0

I have a list of strings (["A", "B", ...]) and a list of sizes ([4,7,...]). I would like to sample without replacement from the set of strings where initially string in position i appears sizes[i] times. I have to perform this operation k times. Clearly, if I pick string i, then sizes[i] decreases by 1. The current naive solution that I developed is to generate the entire input set, shuffle it, and iteratively pop the first element of the array. This is clearly inefficient since if a string appears 1 million times I would have to generate 1 million entries.

public static void main(String[] args) {
    String[] elems = { "A", "B", "C", "D", "E" };
    Integer[] sizes = { 10, 5, 4, 7, 3 };
    int k = 3;

    ArrayList<String> bag = new ArrayList<>();
    for (int i = 0; i < elems.length; i++) {
        for (int j = 0; j < sizes[i]; j++) {
            bag.add(elems[i]);
        }
    }

    Collections.shuffle(bag);
    for (int i = 0; i < k; i++) {
        System.out.println(bag.remove(0));
    }
}

Is there a better and more efficient way to perform this operation?

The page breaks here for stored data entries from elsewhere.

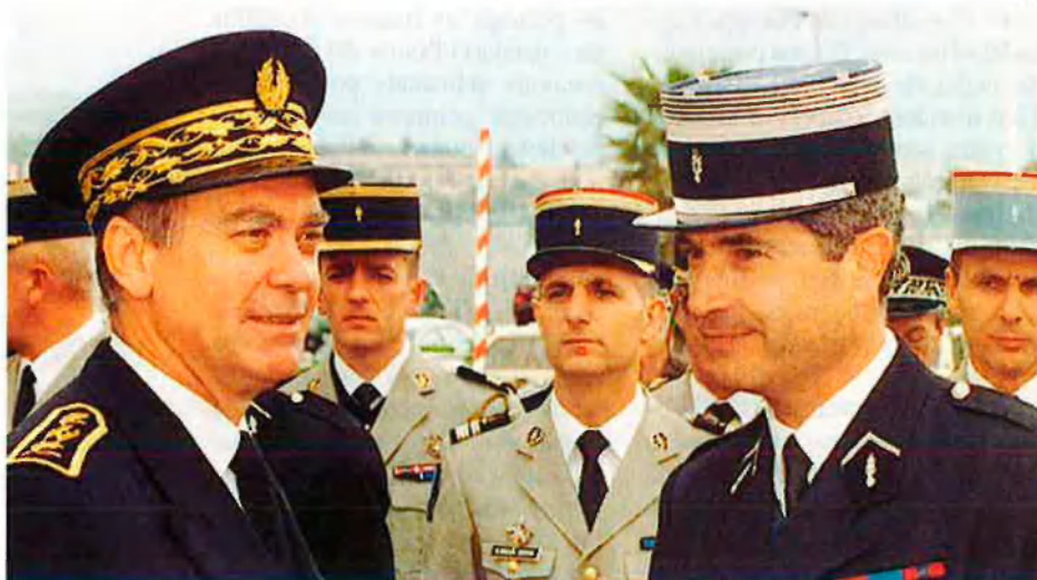
L'ex-prefecte de Catalunya Nord, Bernard Bonnet, a l'esquerra, va ocupar el mateix càrrec a Còrsega. Després d'uns atemptats a quioscos de platja va ser acusat de terrorisme d'estat.

3. Nacionalistes. Les seves reivindicacions es resumeixen en una plataforma de quinze punts amb vista a "un acord polític amb l'estat francès". Les més destacades són el reconeixement del poble cors (legalment només hi ha el poble francès), dotar l'illa de poders executius, legislatius i judicials, llibertat per a organitzar la seva administració, la seva fiscalitat i la seva política econòmica, social i cultural. També demanen l'oficialització de la llengua corsa, la creació d'un sistema educatiu propi i una política laboral que afavoreixi el retorn dels milers de corsos dispersos pel món. Igualment, parlen d'un programa polític per etapes que tingui en compte el dret a l'autodeterminació i que permeti de desenvolupar relacions internacionals. Finalment, reivindiquen l'amnistia de tots els patriotes "empresonats, buscats i perseguits". Aquesta plataforma ha estat elaborada per vuit dels tretze moviments nacionalistes operatius i és defensada pels diputats de la coalició nacionalista Corsica Nazione. A. R.
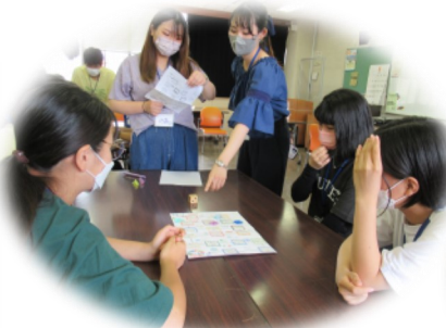
環境問題を学べるすごろく
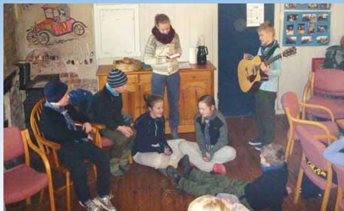
Ved å holde andakt, dramatisere og synge for sine medspeidere ble «scouts own» merket tatt.

SPEIDERMERKER I ORIENTERING, SCOUTS OWN (HOLDE SPEIDERGUDSTJENESTE FOR SINE MEDSPEIDERE), PRIMITIV MATLAGING, FØRSTEHJELP OG LIVLINEKASTING BLE TATT I LØPET AV HELGA.
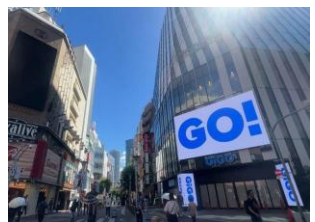
【池袋】 GiGOビジョン池袋 放映時間：8～23時
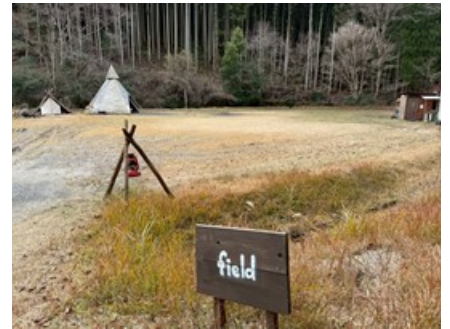
林道を歩くとキャンプ場
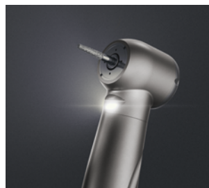
PRIME LINE PAGE 04

Chez MK-dent, la qualité n'est pas une simple caractéristique - c'est notre philosophie. Avec passion, expertise et précision, nous concevons des instruments qui inspirent confiance et permettent aux professionnels dentaires d'atteindre l'excellence chaque jour.
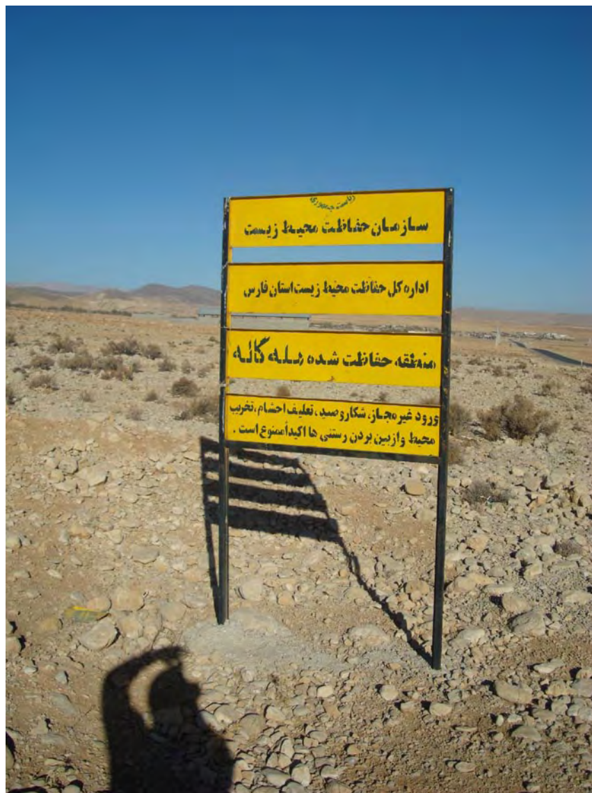
تابلوی سازمان محیط زیست در آغاز مراتع محل فعالیت شرکت احرار در کوهپایه دلو منطقه حفاظت شده مله گاله
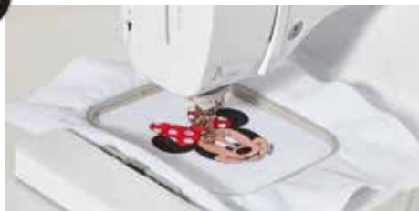
Champ de broderie de 100 x 100 mm
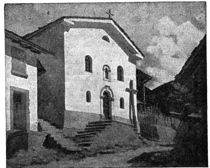
Cliche Pro Infirmis

Eug. HAINARD - BÉCHARD (Genève) Eglise de Montagne
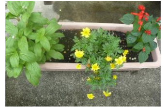
下野小学校 6年生が育てた花 (福岡公民館玄関)

「ふくおか」地区の子ども達に向けて、普段では体験できないこの地域ならではの体験をしてもらおうと、様々な行事を行ないました。行事の企画にあたっては、公民館・ふくおかまちづくり協議会だけでなく、地域の方々や各種団体の協力があったことです。「ニッ森ふれあいクラブ」「福岡子供会連絡協議会」「青少年健全育成市民会議福岡支部」「恵那魚協福岡支部」「常盤座敷敷会」の皆さん、ありがとうございました。
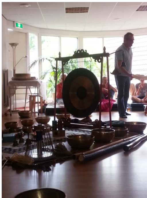
Dreamtime healing concert

De opleiding zal ook mensen aanspreken die hun leven een positieve wending willen geven maar niet streven naar het certificaat. Deelname aan de eerste module van de opleiding houdt dus niet de verplichting in, dat men ook deelneemt aan het tweede module en/of het examen!
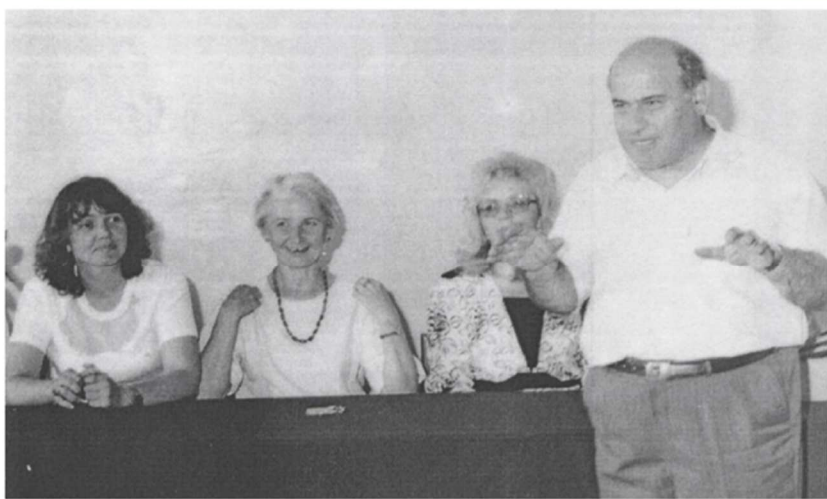
Госэкзамены, г. Тверь, 1982 г.

Thanks.

molfo
  • 75
  • 7
  • Why are you removing it then? Since it is an ArrayList, you could access first `k` elements by their index (`bag.get(i)`). What is the expectation when the next `k` elements are needed? Should the original bag be restored? – Thiyagu Dec 11 '20 at 08:59
  • You are right. I could just access the first `k` elements. In the end, the result is anyway the same I think – molfo Dec 11 '20 at 09:07

4 Answers4

2

Assuming the bag doesn't have to be persistent or be used at all you could create a class that contains input and frequency, e.g. like this (simplified):

class SampleElement<T> {
  private T value;
  private int frequency;

  //constructors, getters, setters
}

Then build a collection of those elements from the input you have, e.g. (again simplified):

 List<SampleElement<String>> samples = Arrays.asList(new SampleElement<String>("A",10), ...);

Finally loop until that collection is empty or you've done it k times and pick a random element. Decrease that element's frequency and if it hits 0 you remove it from the collection. Example (off the top of my head so might contain errors):

Random rand = new Random();
int runs = k;
while(runs > 0 && !samples.isEmpty() ) {
  runs--;
  int index = rand.nextInt(samples.size());
  SampleElement<String> element = samples.get(index);

  System.out.println(element.getValue());

  element.decrementFrequency();
  if( element.getFrequency() <= 0 ) {
    samples.remove(index);
  }
}
Thomas
  • 87,414
  • 12
  • 119
  • 157
  • 1
    I am not entirely sure that your answer solves my problem. Let us consider the extreme case in which "A" has size 9 and "B" has size 1. I want to perform k=1 samples. The probability of picking A would be 9/10, while the probability of picking B is 1/10. In your solution I think that instead the probability is 1/2 and 1/2. – molfo Dec 11 '20 at 09:42
  • 1
    @molfo that's right although that requirement didn't make it into your question (or I missed it). What you could do though is sum all the frequencies and generate a random number within that range, e.g. `rand.nextInt(10)` for your example. Finally instead of using an index you iterate over the elements and sum their frequency until you hit the end or the sum is larger than or equal to that random number + 1 and pick that element (so if you get 9 you'd select B since B has A(9) + B(1) = 10 (random(9) + 1)). Of course you'd need adjust the upper boundary in each iteration. – Thomas Dec 11 '20 at 12:38
1

You can collect these two arrays into a map:

String[] elems = {"A", "B", "C", "D", "E"};
Integer[] sizes = {10, 5, 4, 7, 3};

Map<String, Integer> map = IntStream.range(0, elems.length).boxed()
        .collect(Collectors.toMap(i -> elems[i], i -> sizes[i]));

System.out.println(map); // {A=10, B=5, C=4, D=7, E=3}
0

Assuming that the lengths of these two arrays are the same, you can create a list of map entries containing pairs of elements from these arrays, and shuffle this list:

String[] elems = {"A", "B", "C", "D", "E"};
Integer[] sizes = {10, 5, 4, 7, 3};

List<Map.Entry<String, Integer>> bag = IntStream
        .range(0, elems.length)
        .mapToObj(i -> Map.of(elems[i], sizes[i]))
        .flatMap(map -> map.entrySet().stream())
        .collect(Collectors.toList());

System.out.println(bag); // [A=10, B=5, C=4, D=7, E=3]
Collections.shuffle(bag);
System.out.println(bag); // [D=7, C=4, E=3, A=10, B=5]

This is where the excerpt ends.